D’ailleurs, la stabilisation constatée en 2006 n’est pas vraiment une surprise non plus. À la suite du recensement de 2001, le démographe Marc Termote avait prévu, pour le demi-siècle à venir, une stabilisation du poids des anglophones au Québec, conjuguée à une baisse régulière du poids des francophones. Notons que Paillé a eu les résultats de Termote en main plus d’un an avant que « Mam’ » Boucher n’en permette la publication en mars dernier.

La réalité a dépassé la fiction : le recensement de 2006 révèle une baisse un peu plus rapide du poids des francophones que celle que Termote avait prévue. La raison en est simple. Par crainte d’être taxé de pessimisme, Termote avait faussé ses prévisions en faveur du français, en supposant que la population allophone se franciserait à un rythme tout à fait invraisemblable.

Loin, de toute façon, des prévisions autant que des faits, MM. Bouchard et Taylor préfèrent se hisser au-dessus de tout ça, dans la stratosphère des Grands Principes purs et durs. Or, la prémisse qui guide leur approche de la question linguistique est d’emblée irrecevable : « La langue représente un sujet plus épineux […] il en sera probablement toujours ainsi : la tranquillité linguistique ne sera jamais acquise ici ; en ce sens, le Québec francophone est voué à vivre dans une tension permanente. »

C’est parfait pour un temporisateur comme Jean Charest, mais c’est aux antipodes de l’engagement de Camille Laurin. Et aussi de celui de Robert Bourassa. Si, dans les années 1970, la majorité s’était résignée à l’insécurité linguistique à perpétuité, jamais se serait-on efforcé, d’abord avec la loi 22, ensuite avec la loi 101, d’imposer le français comme langue de travail ou comme langue de scolarisation des enfants des nouveaux arrivants.

La majorité doit-elle, au nom d’un pareil principe mortifère, cesser d’aspirer à la sécurité linguistique ? Et ne plus oser légiférer dans le but d’assurer la pérennité d’un Québec français ?

Certes, Bouchard et Taylor discourent sur le français comme « langue publique commune » et comme voie de formation d’une « identité collective » au Québec. Mais ils soulignent également que « la dualité francophone/anglophone est un élément permanent, structurel de la société québécoise […] il existera toujours au Québec un dualisme linguistique, une double filière sur le marché du travail et un double réseau de références identitaires ».

Étant donné, d’une part, semblable consécration d’un Québec à jamais bilingue, d’une seconde société d’accueil, plus payante et de langue anglaise, et, d’autre part, la ferveur avec laquelle les commissaires insistent – à tort – sur l’autre Grande Inquiétude, celle de voir s’étioler la population anglophone, on a franchement l’impression que Taylor a eu le dessus sur Bouchard. En l’occurrence, il aurait joué un rôle comparable à celui de Frank Scott, mentor de Pierre-Elliott Trudeau, lors de la Commission royale d’enquête sur le bilinguisme et le biculturalisme dans les années 1960.

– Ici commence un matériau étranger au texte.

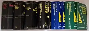In 1964, research chemist Leslie Bretherick read of a violent explosion in a laboratory, and knew that the same journal had reported a similar incident with the same chemicals 16 years earlier.[1] Realising that there was no central source of literature on dangerous chemical reactions, he set out to create one, combing through the literature in his spare time. In 1971 his employers (BP) allowed him to do this in half his work time[2] and a book was published in 1975 entitled Handbook of Reactive Chemical Hazards.[3] The work involved creating what was effectively a database on paper of substances and literature references, arranged by empirical formula, and converting this into a book. This was well received as “an invaluable reference work” [4] One reviewer wrote ““Bretherick” (the name under which this book must surely become known)”.[5] A revised second edition followed in 1979, with a reviewer stating “that “Bretherick” is an essential first reference”[6] As well as corrections and additional reactions, this contained a new section dealing with groups of compounds and some other matters. A third edition followed in 1985, Bretherick having retired in 1982 in order to work full-time on the project.[2][7] In the preface to the 4th edition (1989) he announced that his eyesight was failing.[8] As a result, he did not contribute new material to further editions, which was done by others. The 5th edition (1995) was edited by Peter G. Urben and as the book was larger, was split into two volumes. Leslie Bretherick died in April 2003[9] The 6th edition (1999), the 7th edition (2007) and the 8th edition (2017) were also edited by Urben.

Nos deux moralistes l’ont suffisamment martelé : compte tenu de son poids, la majorité n’a pas à s’inquiéter.

Mais n’est-il pas naturel, justement, que l’inquiétude pointe lorsque ce poids qui assure la sécurité de la majorité se trouve en baisse depuis le milieu des années 1980 ? Et n’est-il pas naturel, voire salutaire, que cette inquiétude s’accentue du fait que cette baisse de poids s’accélère, comme le montrent les données de 2006 ? Faut-il non seulement se résigner à vivre dans un état de tension permanente mais accepter de vivre dans un état de tension croissante ?

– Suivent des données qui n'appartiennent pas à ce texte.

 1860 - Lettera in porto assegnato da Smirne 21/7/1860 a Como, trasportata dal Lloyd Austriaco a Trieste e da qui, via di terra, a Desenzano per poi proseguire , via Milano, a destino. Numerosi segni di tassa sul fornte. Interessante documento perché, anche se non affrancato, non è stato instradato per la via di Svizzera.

Quand sera-t-il permis d’agir de nouveau de façon à faire baisser la tension ? Quelle est donc cette religion du petit pain, ce culte de l’impuissance et de l’abnégation ? Quel point tournant la situation doit-elle encore franchir pour qu’il soit enfin légitime de passer de la « grande vigilance » et de la « plus grande prudence » à l’adoption de nouvelles « mesures radicales », c’est-à-dire structurantes et efficaces ?

Face aux résultats de 2006, on ne peut plus soutenir que « la conjoncture est incertaine ». Poids des francophones en chute libre et poids stable des anglophones égale un rapport de force de plus en plus favorable à l’anglais et de plus en plus défavorable au français. Le ratio francophone/anglophone au Québec reculera jusqu’à nouvel ordre.

Voilà la véritable nouveauté qu’apportent les données de 2006. Voilà une nouvelle donne qui commande autre chose que papotage et attentisme.